* [Requirement]: Below is a listing; repeat exactly the lines from the one containing "慵懒风菱形格撞色针织衫外套女2025秋冬新款高级感针织衫上衣女" to the one containing "Cabin with cut logs stacked beside it.", both included.

* [Exercise data]:
Start of Block

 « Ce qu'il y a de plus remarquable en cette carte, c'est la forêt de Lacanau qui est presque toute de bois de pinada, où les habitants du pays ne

End of Block
Start of Block

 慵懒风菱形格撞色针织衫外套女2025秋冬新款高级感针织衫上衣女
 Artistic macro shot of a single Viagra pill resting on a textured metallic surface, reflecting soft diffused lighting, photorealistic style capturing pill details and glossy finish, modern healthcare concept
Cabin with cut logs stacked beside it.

End of Block

* [Task solution]:
 慵懒风菱形格撞色针织衫外套女2025秋冬新款高级感针织衫上衣女
 Artistic macro shot of a single Viagra pill resting on a textured metallic surface, reflecting soft diffused lighting, photorealistic style capturing pill details and glossy finish, modern healthcare concept
Cabin with cut logs stacked beside it.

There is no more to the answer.